Data follows below. Repeat exactly the lines between the line holding "Beautifully handmade and" and the line holding "醫(yī)生簡介:肖培衛(w", inclusive, and nothing more; drop pictures.

*** Opening RECORDS TO PROCESS ***

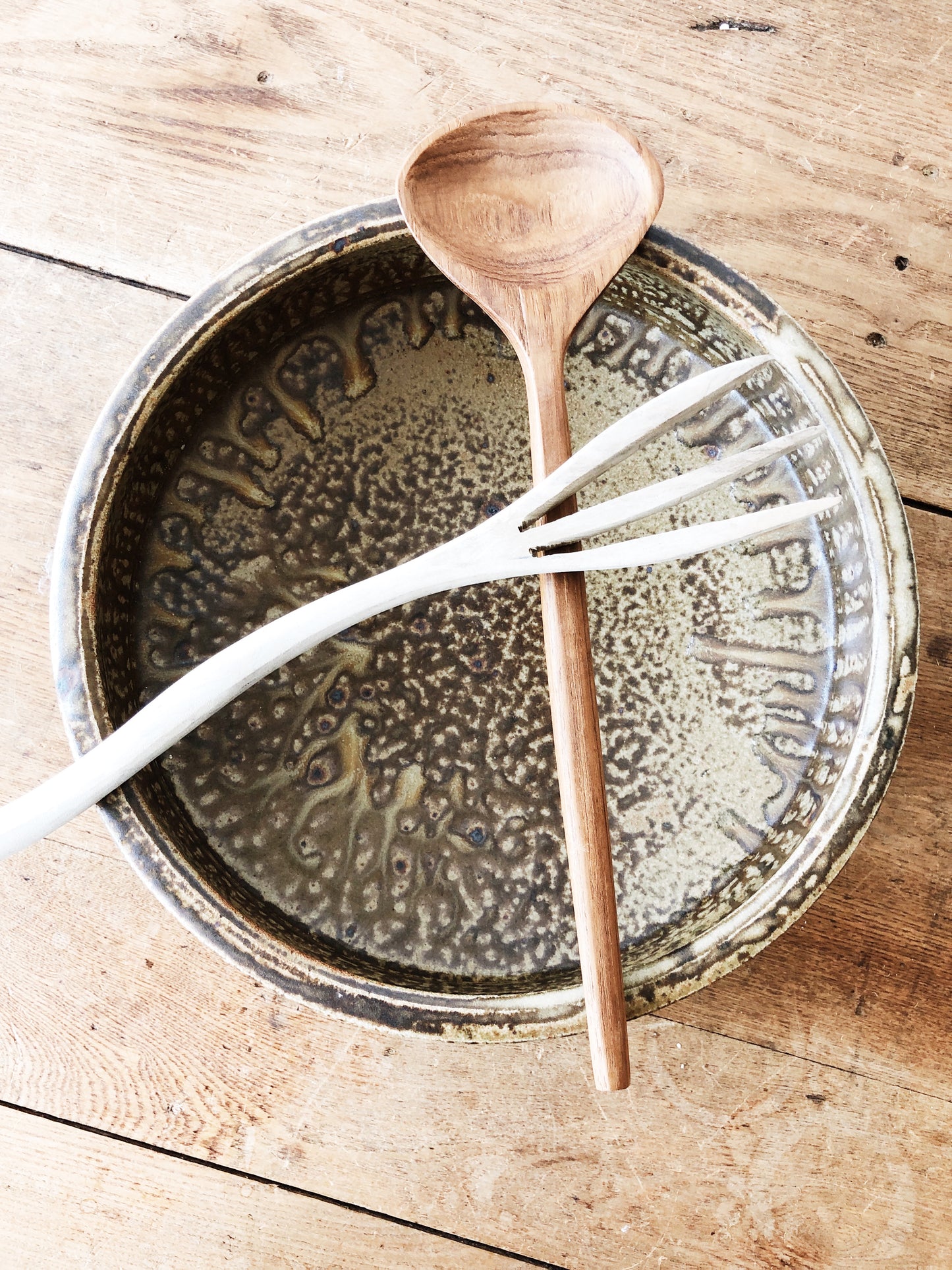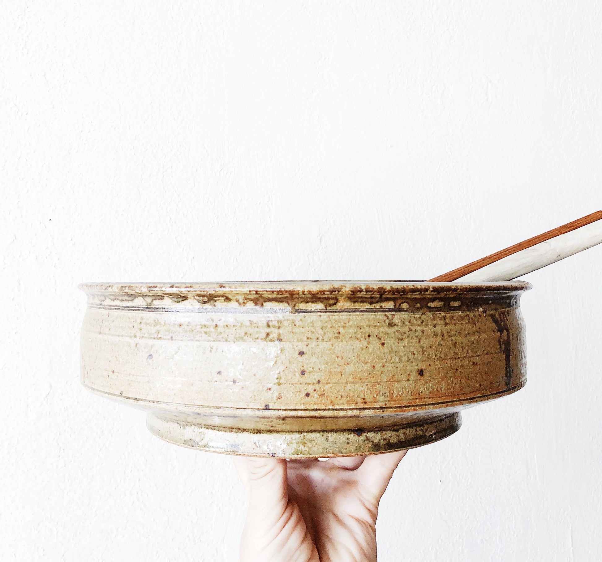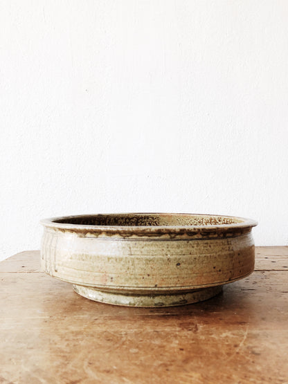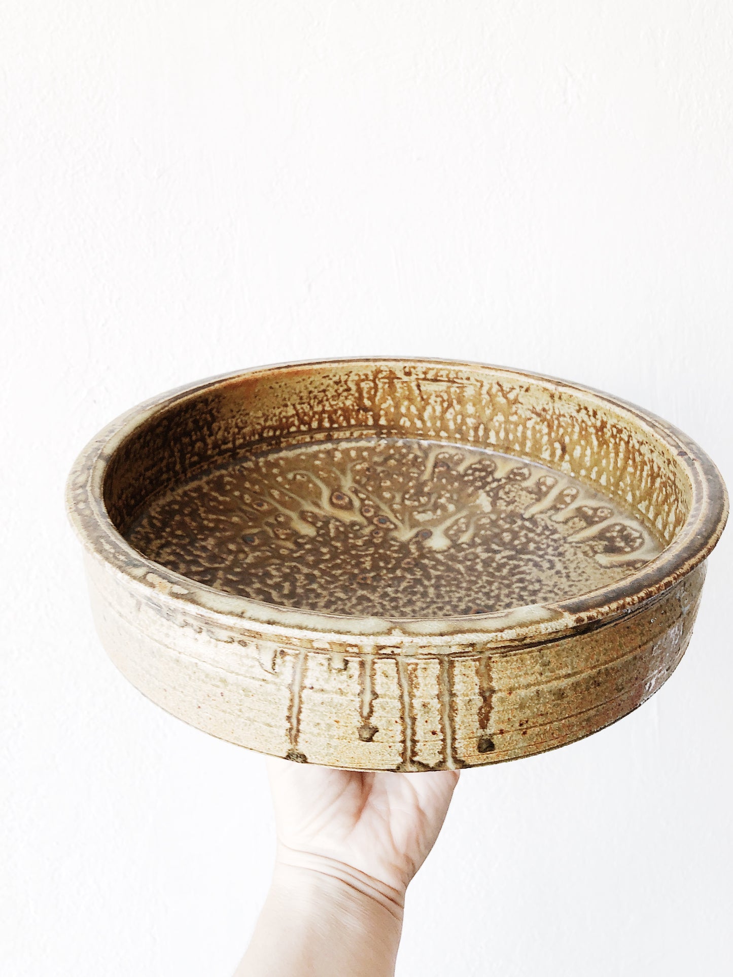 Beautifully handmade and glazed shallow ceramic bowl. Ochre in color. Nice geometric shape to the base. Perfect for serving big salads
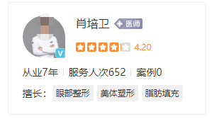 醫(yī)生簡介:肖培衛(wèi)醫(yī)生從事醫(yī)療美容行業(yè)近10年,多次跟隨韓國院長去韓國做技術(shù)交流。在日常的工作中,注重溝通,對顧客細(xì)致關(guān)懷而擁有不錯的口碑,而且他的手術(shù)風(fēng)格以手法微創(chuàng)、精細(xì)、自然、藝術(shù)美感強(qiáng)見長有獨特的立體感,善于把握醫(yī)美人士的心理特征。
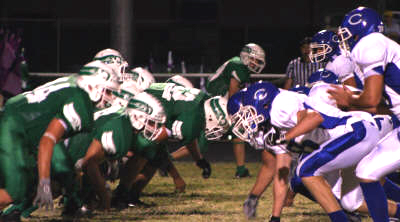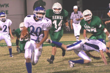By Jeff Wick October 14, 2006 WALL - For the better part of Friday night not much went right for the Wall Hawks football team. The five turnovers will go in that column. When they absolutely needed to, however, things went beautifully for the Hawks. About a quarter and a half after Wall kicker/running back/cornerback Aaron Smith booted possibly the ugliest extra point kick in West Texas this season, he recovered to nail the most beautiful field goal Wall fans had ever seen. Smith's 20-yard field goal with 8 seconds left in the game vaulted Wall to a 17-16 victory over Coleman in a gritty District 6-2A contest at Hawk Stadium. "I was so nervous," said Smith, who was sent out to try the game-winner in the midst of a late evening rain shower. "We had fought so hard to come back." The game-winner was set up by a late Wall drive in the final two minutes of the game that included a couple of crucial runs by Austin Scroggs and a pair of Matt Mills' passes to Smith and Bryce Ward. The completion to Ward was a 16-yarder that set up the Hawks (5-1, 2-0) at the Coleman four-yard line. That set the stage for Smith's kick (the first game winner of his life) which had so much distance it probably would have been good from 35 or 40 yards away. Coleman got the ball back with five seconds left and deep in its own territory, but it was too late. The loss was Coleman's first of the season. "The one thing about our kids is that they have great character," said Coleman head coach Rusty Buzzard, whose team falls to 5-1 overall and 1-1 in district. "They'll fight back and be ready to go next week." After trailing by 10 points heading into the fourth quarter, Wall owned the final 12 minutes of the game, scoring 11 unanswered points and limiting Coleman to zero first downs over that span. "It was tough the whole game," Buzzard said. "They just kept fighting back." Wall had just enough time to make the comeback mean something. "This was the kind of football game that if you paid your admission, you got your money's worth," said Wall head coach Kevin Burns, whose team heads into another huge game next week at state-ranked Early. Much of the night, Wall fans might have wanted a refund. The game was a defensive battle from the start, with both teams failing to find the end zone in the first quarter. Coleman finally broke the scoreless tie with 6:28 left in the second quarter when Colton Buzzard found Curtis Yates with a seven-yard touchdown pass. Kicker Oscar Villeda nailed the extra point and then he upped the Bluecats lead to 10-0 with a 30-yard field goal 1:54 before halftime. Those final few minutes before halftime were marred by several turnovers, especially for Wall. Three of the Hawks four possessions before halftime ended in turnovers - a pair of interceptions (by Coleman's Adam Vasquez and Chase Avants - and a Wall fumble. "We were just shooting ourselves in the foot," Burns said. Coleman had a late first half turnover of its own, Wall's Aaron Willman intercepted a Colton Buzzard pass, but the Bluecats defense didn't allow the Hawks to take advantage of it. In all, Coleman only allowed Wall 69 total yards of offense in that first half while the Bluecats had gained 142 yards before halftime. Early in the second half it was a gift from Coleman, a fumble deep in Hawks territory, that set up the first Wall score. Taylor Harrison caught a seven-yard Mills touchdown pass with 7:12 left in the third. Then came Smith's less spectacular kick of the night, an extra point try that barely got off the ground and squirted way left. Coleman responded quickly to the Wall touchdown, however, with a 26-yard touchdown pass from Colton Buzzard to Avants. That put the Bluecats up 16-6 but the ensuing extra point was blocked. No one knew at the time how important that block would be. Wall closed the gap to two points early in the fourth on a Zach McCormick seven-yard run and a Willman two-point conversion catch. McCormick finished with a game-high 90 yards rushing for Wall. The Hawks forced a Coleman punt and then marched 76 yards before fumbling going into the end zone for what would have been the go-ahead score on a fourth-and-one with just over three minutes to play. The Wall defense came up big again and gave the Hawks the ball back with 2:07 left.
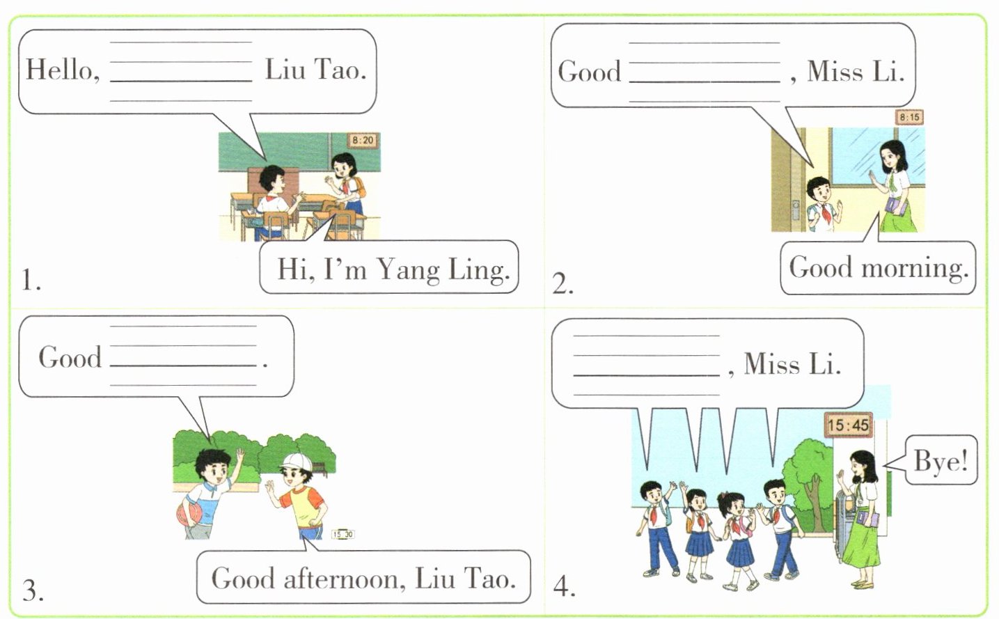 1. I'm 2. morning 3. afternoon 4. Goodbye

*** Closing RECORDS TO PROCESS ***
*** Opening RECORDS TO PROCESS ***

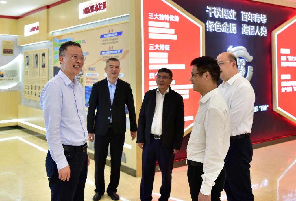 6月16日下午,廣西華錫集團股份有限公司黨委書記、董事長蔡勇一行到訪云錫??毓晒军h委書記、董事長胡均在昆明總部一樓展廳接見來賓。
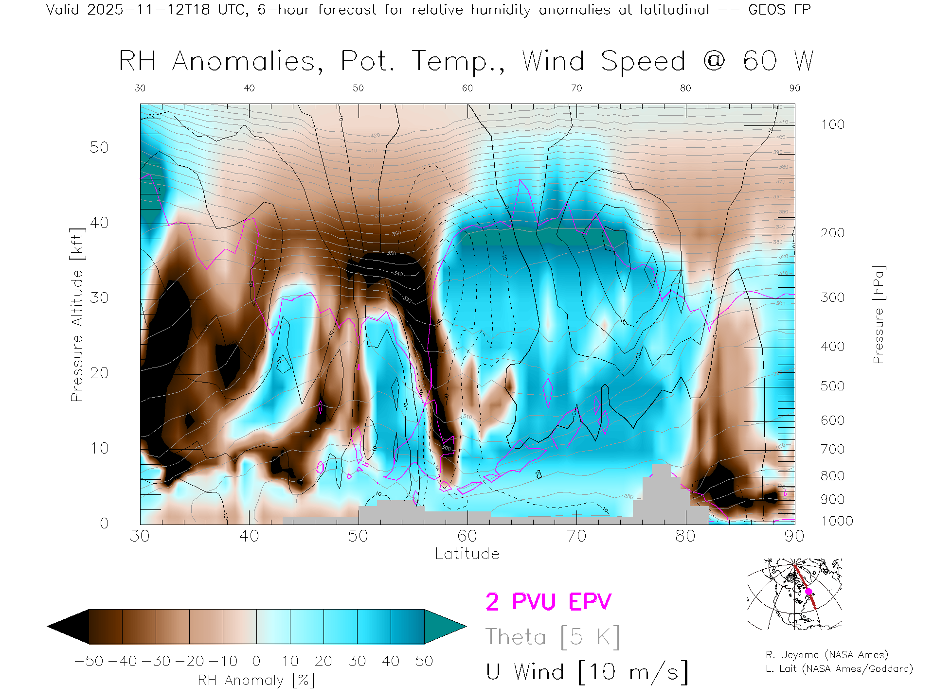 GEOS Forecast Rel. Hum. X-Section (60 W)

*** Closing RECORDS TO PROCESS ***

ANSWER AREA ▸
 Beautifully handmade and glazed shallow ceramic bowl. Ochre in color. Nice geometric shape to the base. Perfect for serving big salads
 醫(yī)生簡介:肖培衛(wèi)醫(yī)生從事醫(yī)療美容行業(yè)近10年,多次跟隨韓國院長去韓國做技術(shù)交流。在日常的工作中,注重溝通,對顧客細(xì)致關(guān)懷而擁有不錯的口碑,而且他的手術(shù)風(fēng)格以手法微創(chuàng)、精細(xì)、自然、藝術(shù)美感強(qiáng)見長有獨特的立體感,善于把握醫(yī)美人士的心理特征。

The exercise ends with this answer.